Entre 1927 et 1930, Ettore Bugatti a produit l’une des voitures de Grand Prix les plus recherchées de l’histoire automobile. La Bugatti Type 37A, avec son compresseur et ses performances redoutables, permettait aux pilotes privés d’accéder à la compétition de haut niveau. Aujourd’hui, ce modèle rare dépasse le million de dollars et continue de fasciner collectionneurs et passionnés.

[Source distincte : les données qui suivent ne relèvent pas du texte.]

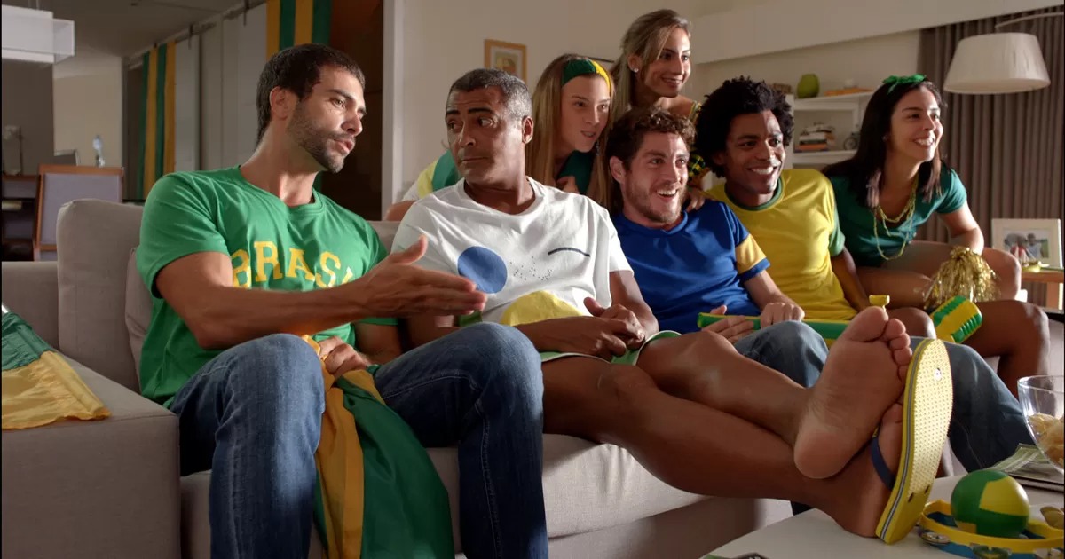 Há 10 anos, a Havaianas usou a expressão “pé direito” numa campanha com o craque Romário usando apenas o lado direito da sandália. O outro lado ele enviou para a Argentina, pra dar azar.
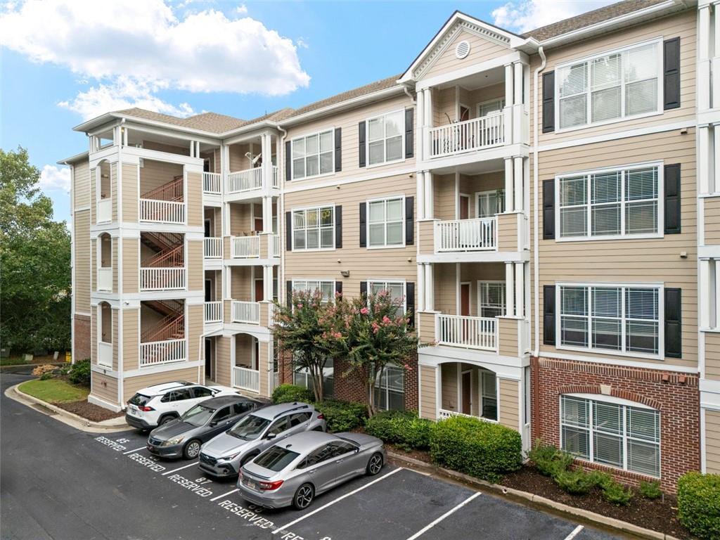 Don’t miss your chance to own this beautifully updated, move-in ready top-floor condo in the gated and meticulously maintained Terraces of Dunwoody community! This spacious, one-level end unit offers quiet serenity, a larger footprint and is perfectly positioned in a prime Dunwoody location just minutes from shopping, dining, and quick access to I-285 and GA-400. Step inside to find freshly painted interiors that feel bright and welcoming. An elegant arched doorway leads from the foyer into a sunlit open-concept living and dining area, featuring a dramatic tray ceiling with crown molding and a wall of windows that flood the space with natural light. Step out onto your private covered balcony and take in peaceful, tree-lined views—your own serene retreat. The full-featured kitchen opens to the main living space and boasts ample cabinet storage and counter space, a convenient breakfast bar, freshly painted cabinets, and newer stainless steel appliances, including an electric range and refrigerator. A newer dishwasher and built-in microwave add to the functionality. The generously sized bedroom includes a walk-in closet with a built-in storage system and enjoys soft, natural daylight. The bathroom features a combination tub/shower, extended vanity, and an additional storage cabinet. Additional perks include an assigned parking space close to the elevator and mailboxes. Water and valet trash service are included in the low HOA fee, and residents enjoy access to a sparkling pool, fitness center, clubhouse, outdoor grill area, and dog walking paths. The Terraces of Dunwoody is FHA-approved and offers an unbeatable combination of location, value, and lifestyle. Come see why this condo is the perfect place to call home!
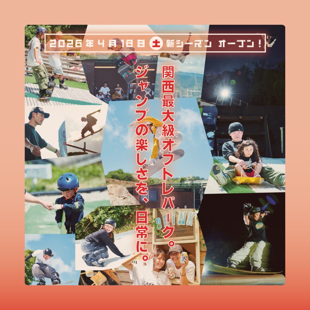 いつも大阪KINGSをご利用いただき、誠にありがとうございます。本年度、『関西最大級のオフトレパーク・大阪KINGS』は4月18日(土)11:15~より営業を開始いたします。 大阪KINGSは、オフトレ施設最多となる8コースを設置備えており、それぞれのレベルに応じた多彩なアイテムで、効率的に練習できる環境を整えています。 またJIBレーンも昨年大幅にアップデートし、初中級者の方でも安全にトライしやすいコースへと生まれ変わり、塩ビとナローBOXの2wayになりました。 以上の充実したコースに加え、BBQスペースやKINGS Cafeも併設しており、オフトレ以外の時間も楽しめる施設となっています。 リニューアル工事 3月末から4月にかけてリニューアルオープンの工事を行う予定です。 ・各マットのシートを新品に交換 ・アプローチのブラシ交換 ・JIBランディング改良&ブラシ新調・ホークスタートエリアリニューアル・上部メイン休憩所リニューアル ・ビッグミドルのSNOWTURF導入とフリーランゾーンの幅拡張(こちらはオープン後の6月ごろを予定しています。)※上記を予定しておりますが、変更の可能性がありますのでご了承ください。 初心者大歓迎!! 意外に思われる方も多いかもしれませんが、大阪KINGSをご利用される方の多くは、実は“初級者~中級者”です。 当施設では“オフトレの楽しさ”を大切にしており、初めてブラシを滑る方でも安全に楽しく挑戦できるよう、常時無料レッスン(初心者講習)を実施しており、スタッフが補助をしながら滑走をサポート、滑る際の姿勢やコツについても、その都度丁寧にアドバイスします。 また、火曜・金曜の第4セッション(20:15〜23:00)には、初めてご利用される方限定の予約制プログラム“FIRST KINGS”を開催しています。こちらは、1セッション分の施設利用料に加え、すべてのレンタル費用とレッスン代込みで2,400円でご利用いただける、初心者応援キャンペーンです!※”FIRST KINGS”は事前予約制となります。 ⇒FIRST KINGS詳細オフトレ施設には「上手い人しかいない」というイメージを持たれがちですが、大阪KINGSでは、初心者の方にもオフトレを安心して楽しんでいただけるよう、全力でサポートしていますので、まずは コチラ をお読みください。 さらに、初心者の方だけでなく、中級者以上の方へのサポートやレッスンも行っています。初中級者の利用が特に多いスモールキッカーでは、常にスタッフが滞在しており、いつでもワンポイントアドバイスを受けることができ、平日の毎日第2セッション(15:00〜16:30)には“フリーレッスンプログラム(FLP)”では、実際にスタッフと一緒に滑りながら、見て・聞いて・学べるレッスンを受けることができます。新しいトリックにチャレンジしたい方や、トリックの精度を高めたい方は、ぜひこちらのサービスをご活用ください!参加は無料で、途中参加・途中退出も可能となっております。 大阪KINGSの様子 大阪KINGSでの練習は雪山と違い、環境が安定していて、安全な反復練習が可能になります。自分のペースで通い、次の冬の楽しみが生まれるお手伝いをさせて頂きますので、気軽にご来場ください!最高のオフシーズンを過ごしましょう! ⇒営業時間・営業スケジュール 大阪KINGSについてのお問い合わせ先 TEL:0774-65-0525 WEBサイト -
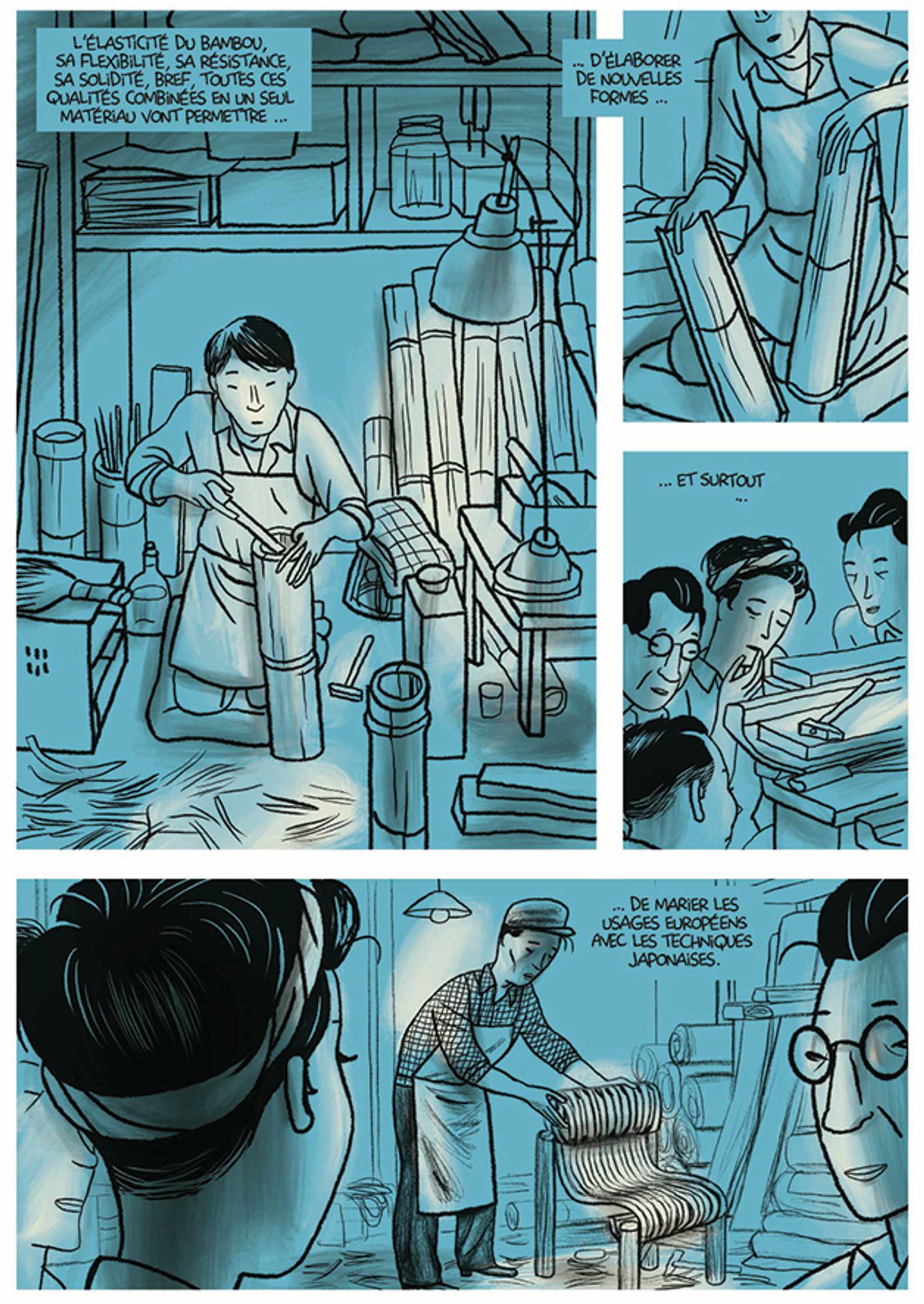Charles Berberian ne pouvait rendre plus bel hommage à Charlotte Perriand. On sent l’admiration du créatif pour une autre. Il a décidé d’évoquer une courte période qui commence en 1940 où elle va au Japon à la demande du gouvernement français. Elle a une vision très particulière du mobilier d’intérieur. Elle le pense autrement, plus pratique, avec des nouveaux matériaux. Le pays du soleil levant est vraiment un royaume de la découverte et qui va à l’essentiel. Les intérieurs sont vides et vont à l’essentiel. Quel révolution pour elle. Même en étant une femme dans une société d’hommes, elle a su s’affirmer et se faire entendre. Son authenticité et sa générosité ont toujours été des capacités appréciées de tous. Charles Berberian y met beauté et de sincérité grâce à ces aquarelles et ces personnages marqués au trait noir. L’autre moitié de l’album est un échange entre le dessinateur et Pernette Perriaud, la fille de Charlotte. Un échange passionnant qui montre l’amour sincère pour le travail de cette architecte hors du commun. Heureusement qu’elle a écrit une partie de sa biographie pour donner à voir ses productions autrement. Une façon élégante de présenter une artiste hors du commun que tout à chacun devrait connaître. La renommée du Corbusier est aussi lié à la sienne car elle avait un talent qu’il n’avait pas. Un ouvrage qui devrait passionné les fans pour découvrir une autre facette d’une femme hors du commun.
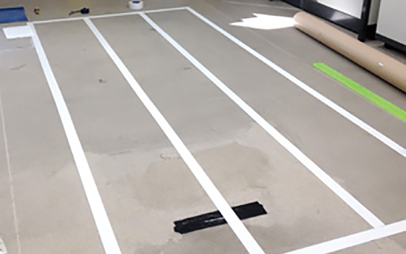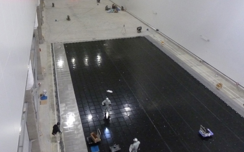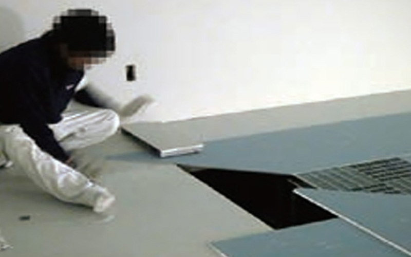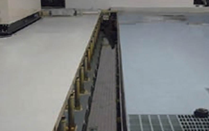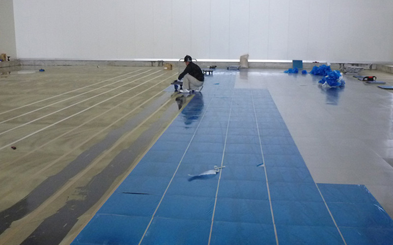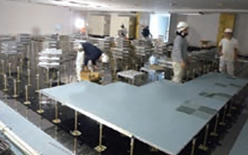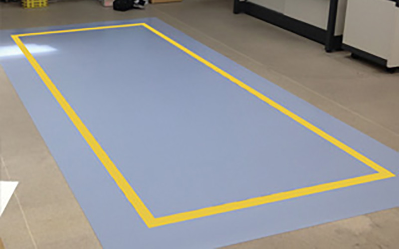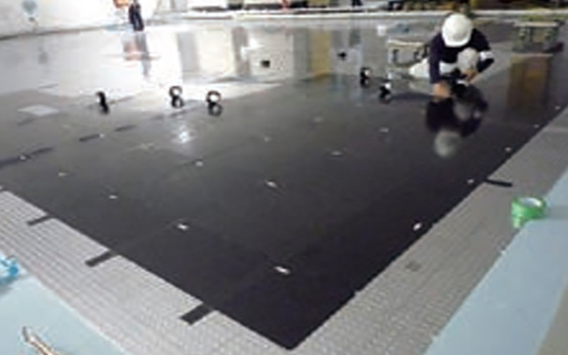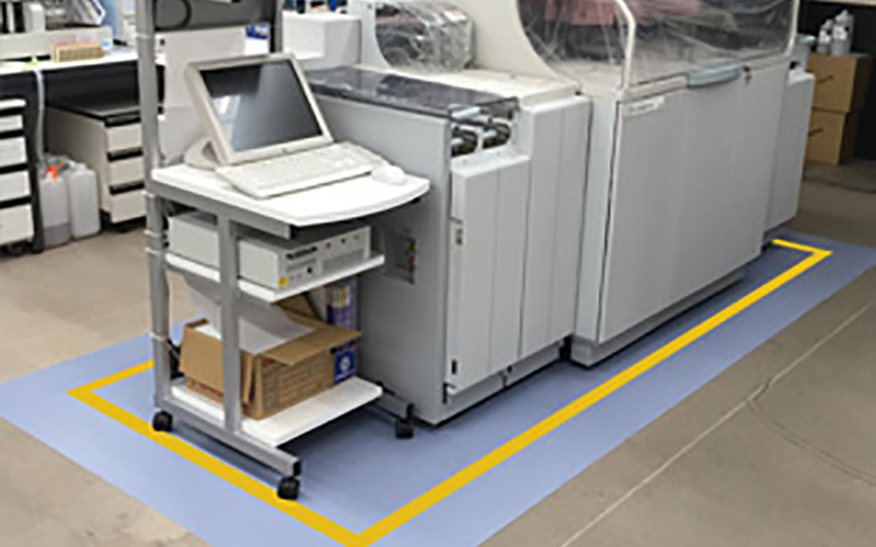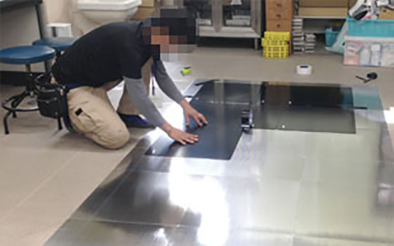 As easy as installing carpet tiles, a base-isolated floor can be constructed in a short period of time. μ-Solator is extremely thin, with a total thickness of only 3–5 mm, including the main body and protective sheet, enabling smooth operation of equipment and carts.
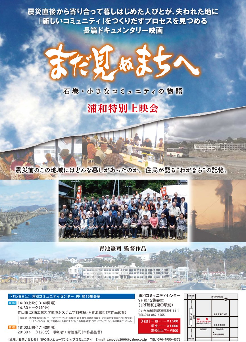 野田北部を記録する会公式 a twitter 上映情報 7月 埼玉 浦和 映画 まだ見ぬまちへ 石巻 小さなコミュニティの物語 7 28 土 14時 18時 各回上映後トーク 浦和コミュニティセンター 9f 第15集会室 jr 浦和駅東口下車 一 般 1500 学割あり 主催 npo
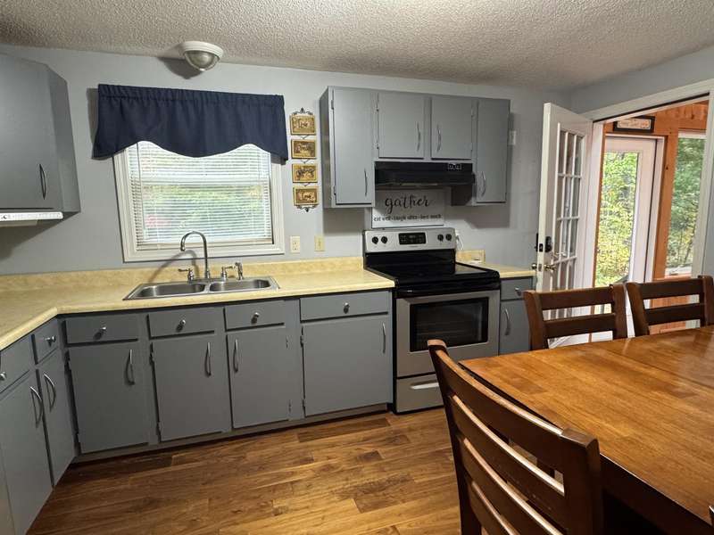 4 BEDROOM DORMERED CAPE. This desirable home is very well cared for and boasts of many significant upgrades. A four-season addition warmed by a propane stove provides plenty of sunlight & living space with skylighted cathedral ceilings. Currently used as a dining room, and ideal as a family room adding more bright space to a traditional layout. The eat-in style kitchen has stainless appliances and opens up to a cozy living room before heading upstairs. Two spacious bedrooms and full bath on each floor. second floor bedrooms are front-to-back and overlook the large back yard. The first floor bedrooms, allow for floorplan flexibility if looking for extra sleeping or private office space or craft rooms. $5,000 Seller credit towards upstairs carpets & bathroom linoleum to refresh what's left on owners' "to do" list. A full basement with plenty of room to finish off, also hosts the laundry and systems. New furnace with air conditioning keeps the home warm in the winter and cool in the summer. Located on almost an acre of level land and nice privacy. A large, detached snow mobile shed has front and back doors for added convenience, or would make a great workshop, she-shed or studio space with its electricity and connection to the house alarm system. As part of the Academy school district, this convenient Fryeburg home is off Rt 302 on a side street that provides easy access to Bridgton village, Pleasant Mountain and Moose Pond, for even more year-round amenities.
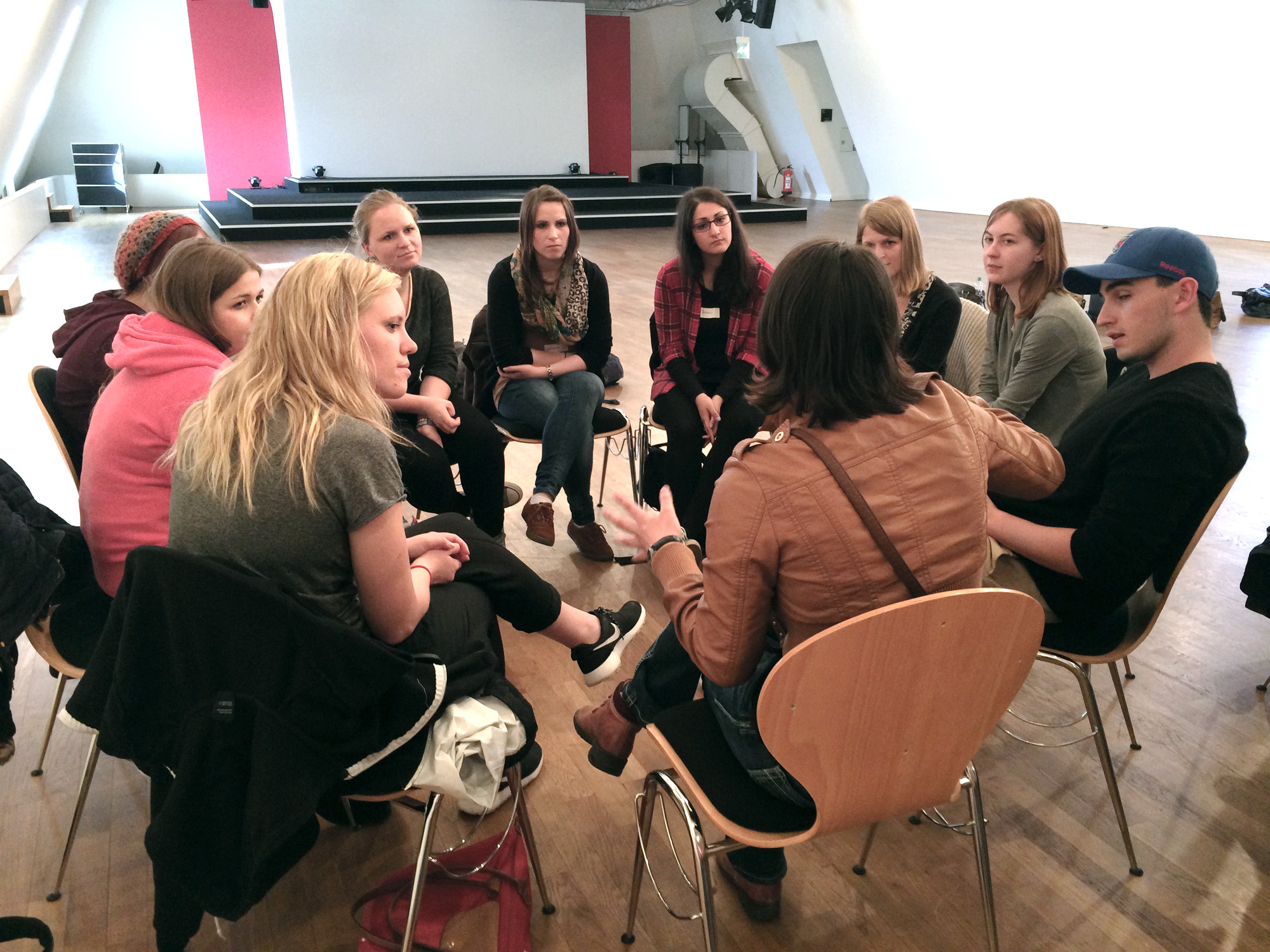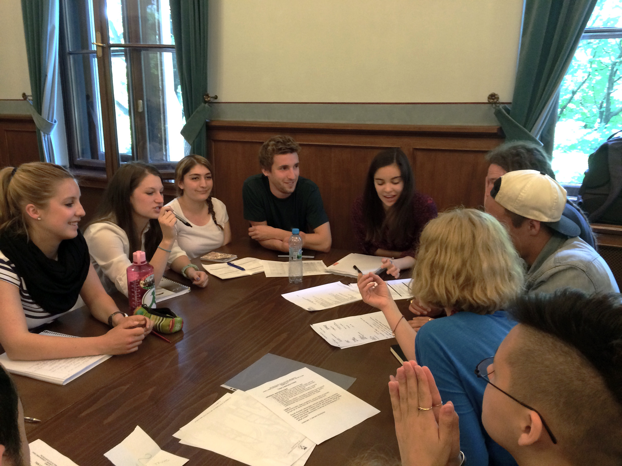 - Class session at the University of Vienna discussing what it means to be an I-witness. Photo provided by Helga Thorson

Une Bugatti pensée pour les pilotes privés

Le contexte de création (1926-1927)

Le succès du Type 35 posait un problème à Ettore Bugatti. Cette machine de Grand Prix dominait les circuits européens, mais son prix la réservait aux écuries officielles et aux pilotes les plus fortunés. Les amateurs de course, pourtant nombreux dans les années 1920, se trouvaient exclus de la compétition automobile de prestige.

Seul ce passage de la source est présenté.